> **Task**
In the copy, include no images, and repeat each entry precisely as written.

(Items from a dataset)
*****
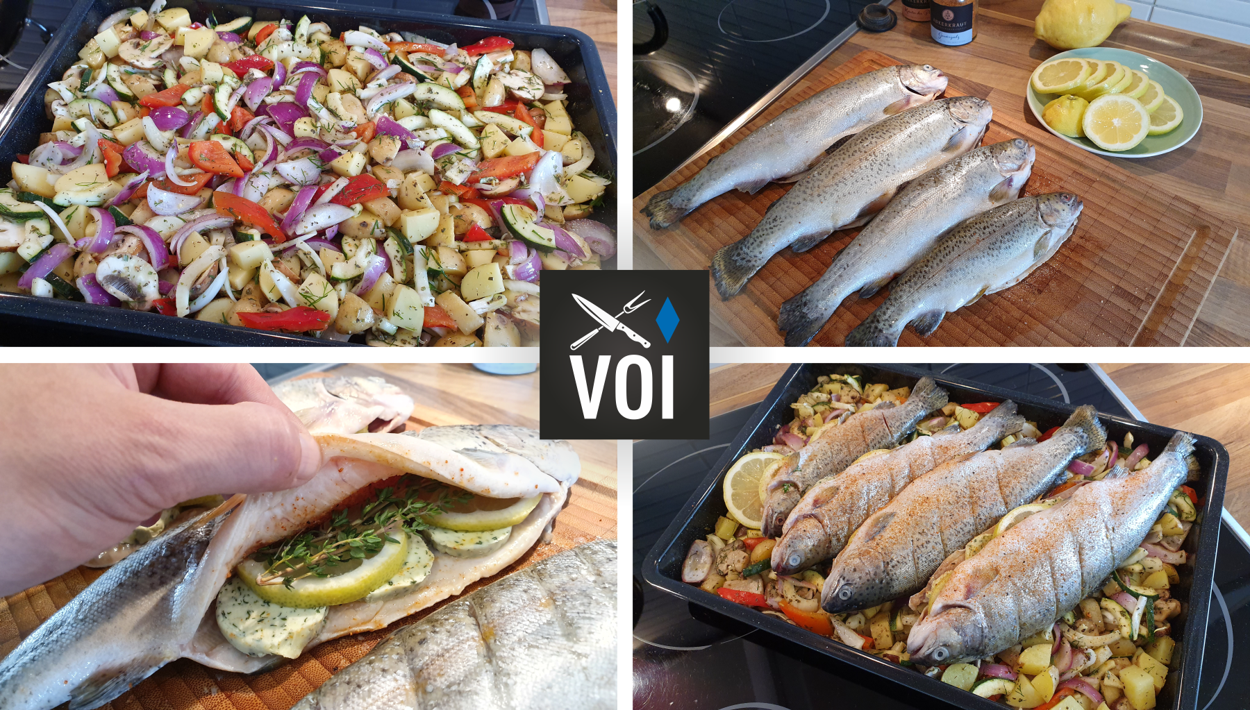Und so einfach macht man die Backofen Forellen auf Gemüsebett
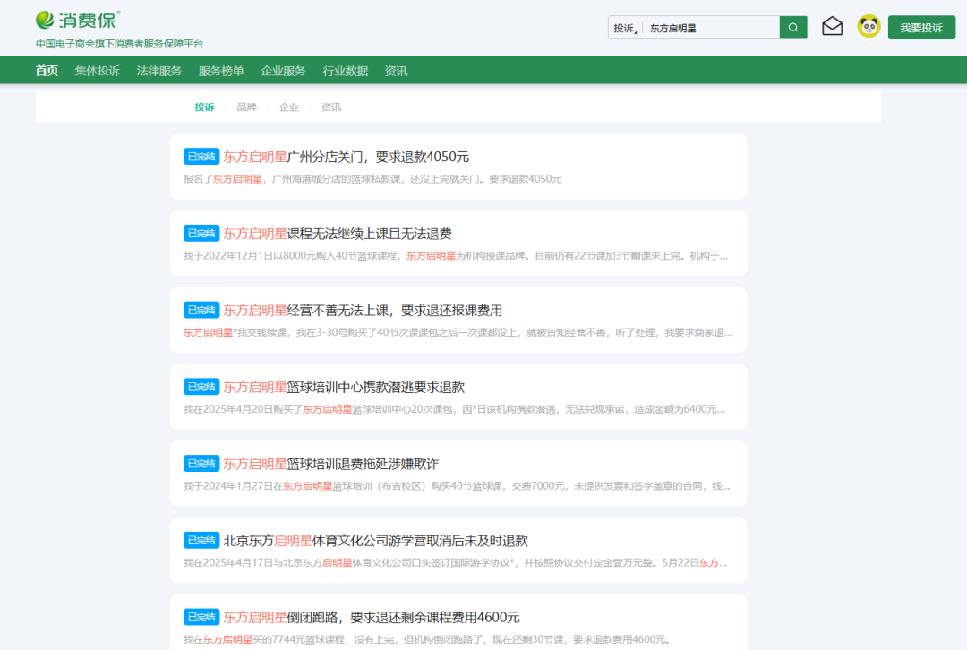 在众多体育培训机构中,2025年1月1日至2025年11月10日,东方启明星以115件投诉的数量位居第一,卓跃儿童体育馆和沃特宝贝国际亲子游泳紧随其后,分别为33件和21件。
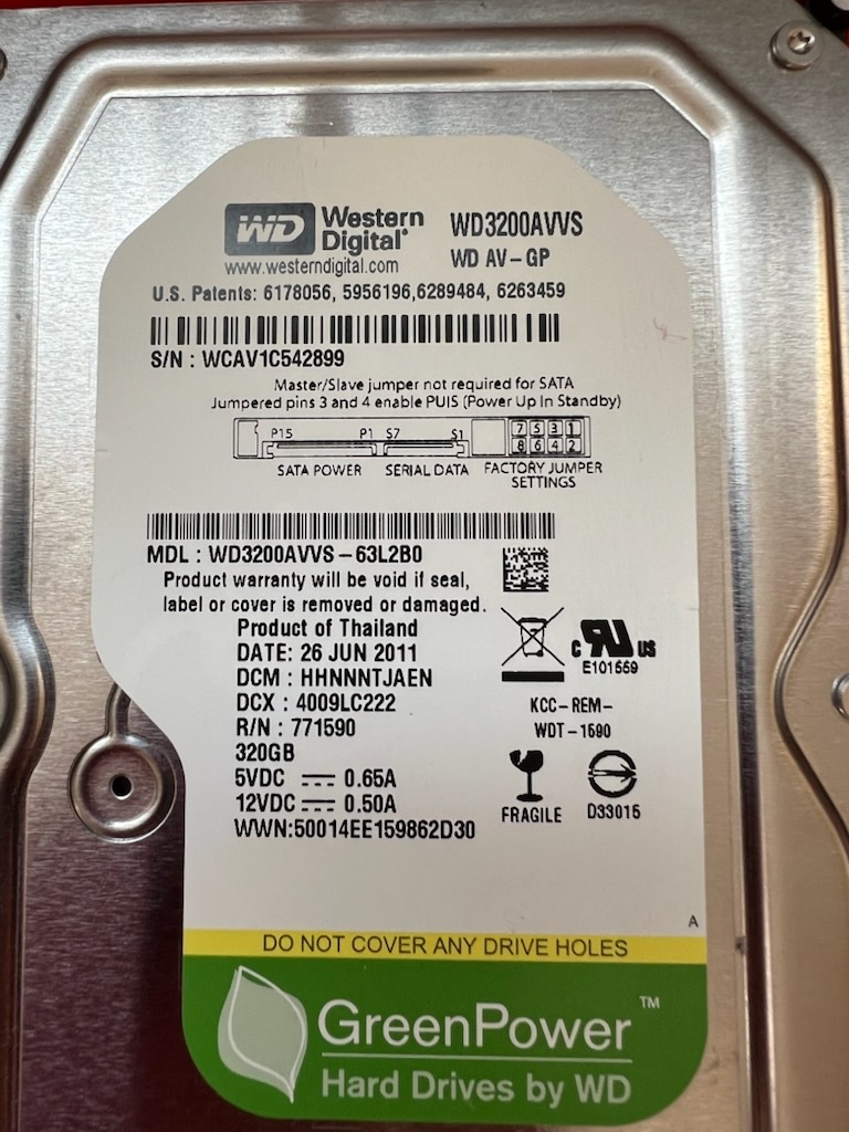 ハードディスク Western Digital WD3200AVVS-63L2B0 320GB
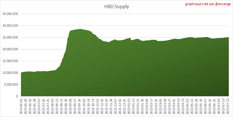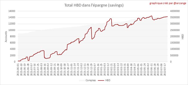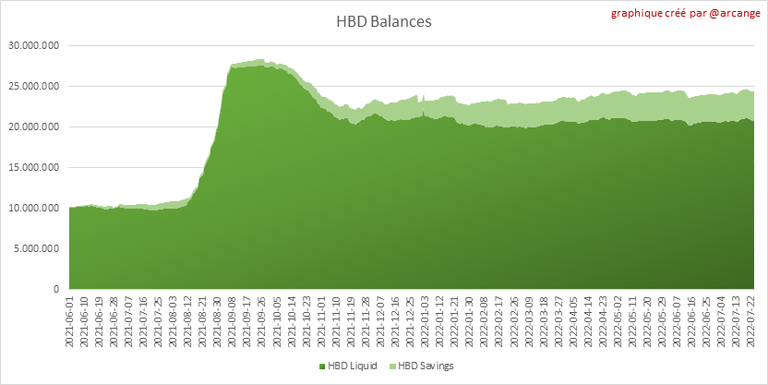 Ce graphique montre le nombre de HBD, liquides et en épargne, détenus par tous les comptes
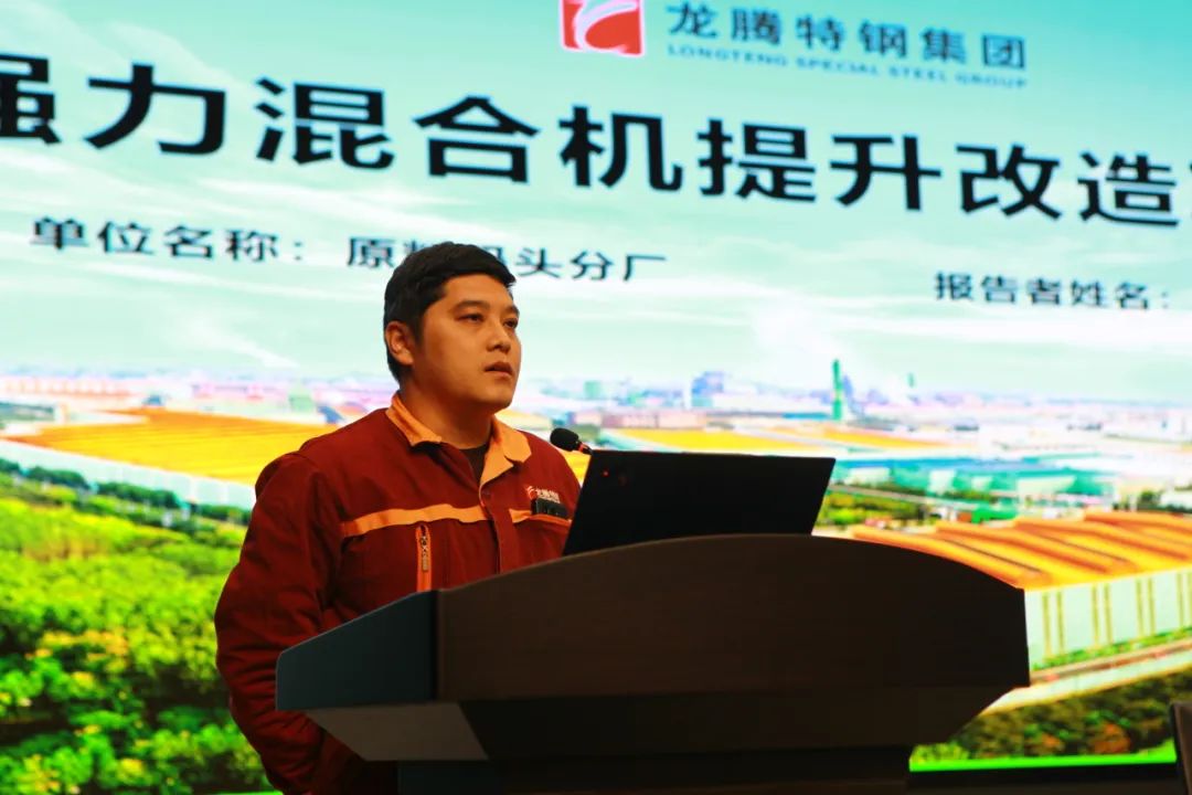 特鋼公司原料碼頭分廠張曉威作《強(qiáng)力混合機(jī)提升改造項(xiàng)目》課題匯報
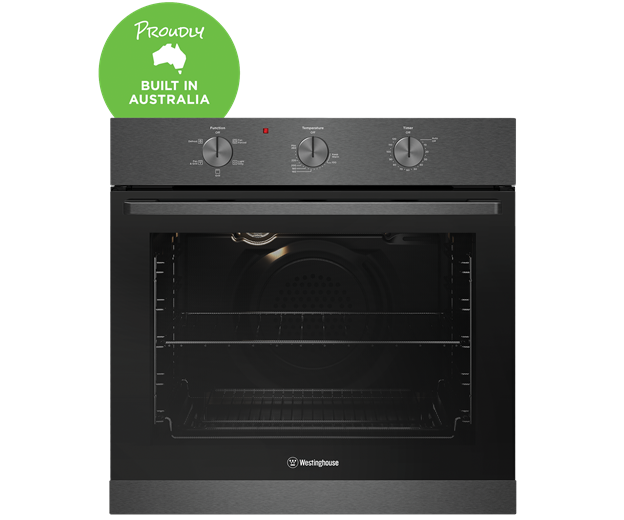 60cm multi-function 5 dark stainless steel steel oven with 10 Amp plug, 2 hour auto-off timer, knob controls, and 80L gross capacity.
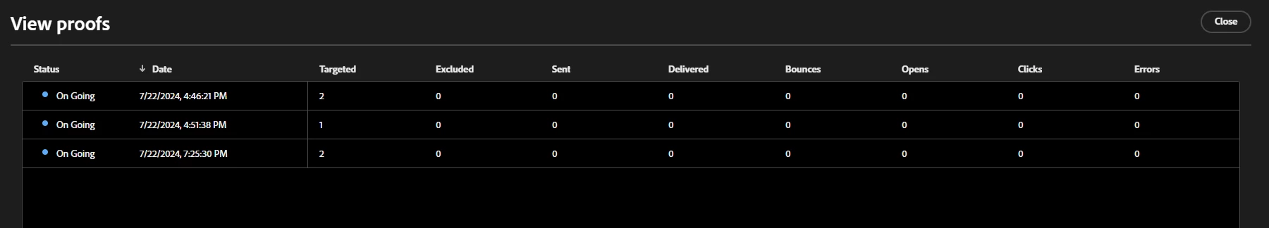After sending the proof and verifying its contents, the "View Proof" section consistently displays zeros for Delivered, Excluded, Sent, Bounce, Open, Clicks, and errors, despite receiving the proof email. Can someone please clarify why this discrepancy occurs?
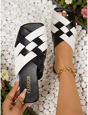 Bruine geweven slippers voor dames - casual, modieuze platte schoenen met open neus voor dagelijks gebruik, stranduitjes, buitenactiviteiten en zomerse uitstapjes.
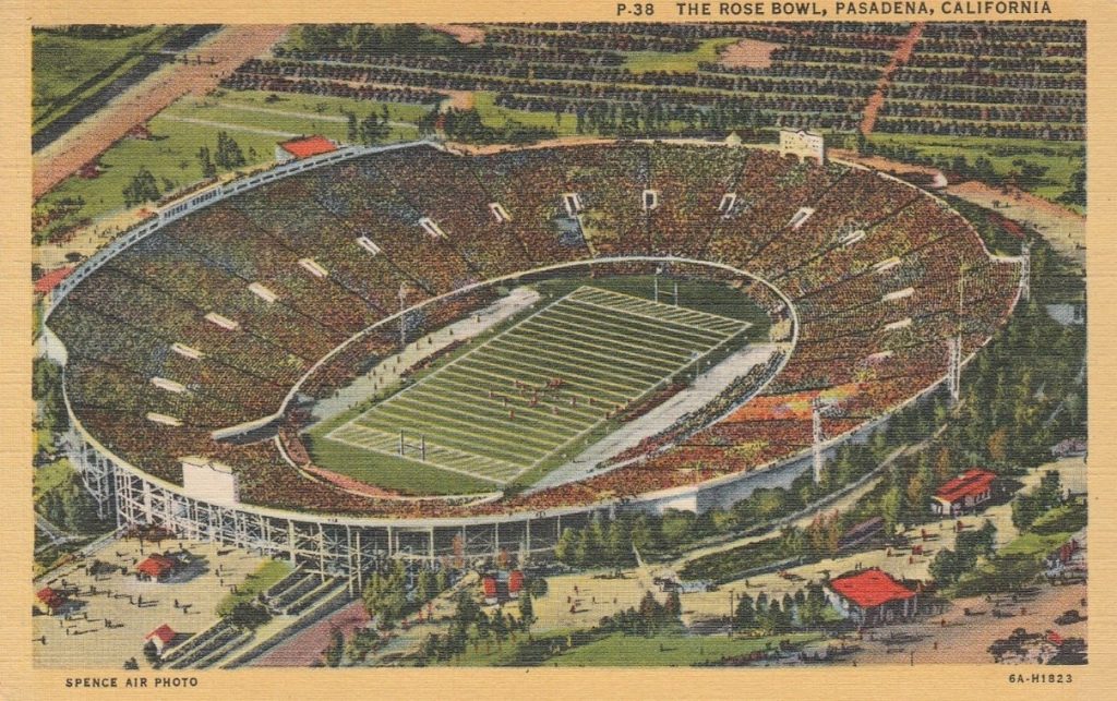 The Rose Bowl in Pasadena, California opened in 1922 and was originally a horseshoe shaped stadium. In 1928, stands were completed in the south end to complete the bowl. It was once the largest football stadium in the U.S. but has since dropped to tenth place. It originally seated 104,000, but now seats 92,000. The Rose Bowl was the home of the Caltech Beavers from 1923 until 1976, but they played to empty seats. The UCLA Bruins moved to the Rose Bowl in 1982. Since 1923, the Rose Bowl has hosted the postseason Tournament of Roses football game except for 1942 when it was moved to Durham, North Carolina due to the fear of a Japanese attack. Traditionally, the Rose Bowl is played on New Year’s Day but is moved to January 2 if January 1 falls on a Sunday.
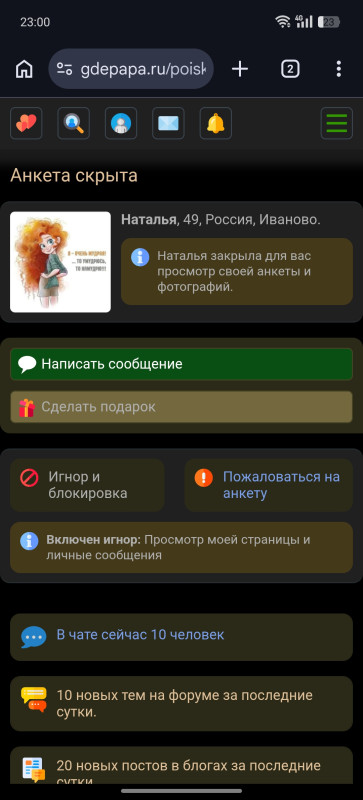Я вроде и не заходила в анкету, чтоб спецом блочить персонально.
*****
> **Output for this exercise**
Und so einfach macht man die Backofen Forellen auf Gemüsebett
 在众多体育培训机构中,2025年1月1日至2025年11月10日,东方启明星以115件投诉的数量位居第一,卓跃儿童体育馆和沃特宝贝国际亲子游泳紧随其后,分别为33件和21件。
 ハードディスク Western Digital WD3200AVVS-63L2B0 320GB
 Ce graphique montre le nombre de HBD, liquides et en épargne, détenus par tous les comptes
 特鋼公司原料碼頭分廠張曉威作《強(qiáng)力混合機(jī)提升改造項(xiàng)目》課題匯報
 60cm multi-function 5 dark stainless steel steel oven with 10 Amp plug, 2 hour auto-off timer, knob controls, and 80L gross capacity.
After sending the proof and verifying its contents, the "View Proof" section consistently displays zeros for Delivered, Excluded, Sent, Bounce, Open, Clicks, and errors, despite receiving the proof email. Can someone please clarify why this discrepancy occurs?
 Bruine geweven slippers voor dames - casual, modieuze platte schoenen met open neus voor dagelijks gebruik, stranduitjes, buitenactiviteiten en zomerse uitstapjes.
 The Rose Bowl in Pasadena, California opened in 1922 and was originally a horseshoe shaped stadium. In 1928, stands were completed in the south end to complete the bowl. It was once the largest football stadium in the U.S. but has since dropped to tenth place. It originally seated 104,000, but now seats 92,000. The Rose Bowl was the home of the Caltech Beavers from 1923 until 1976, but they played to empty seats. The UCLA Bruins moved to the Rose Bowl in 1982. Since 1923, the Rose Bowl has hosted the postseason Tournament of Roses football game except for 1942 when it was moved to Durham, North Carolina due to the fear of a Japanese attack. Traditionally, the Rose Bowl is played on New Year’s Day but is moved to January 2 if January 1 falls on a Sunday.
Я вроде и не заходила в анкету, чтоб спецом блочить персонально.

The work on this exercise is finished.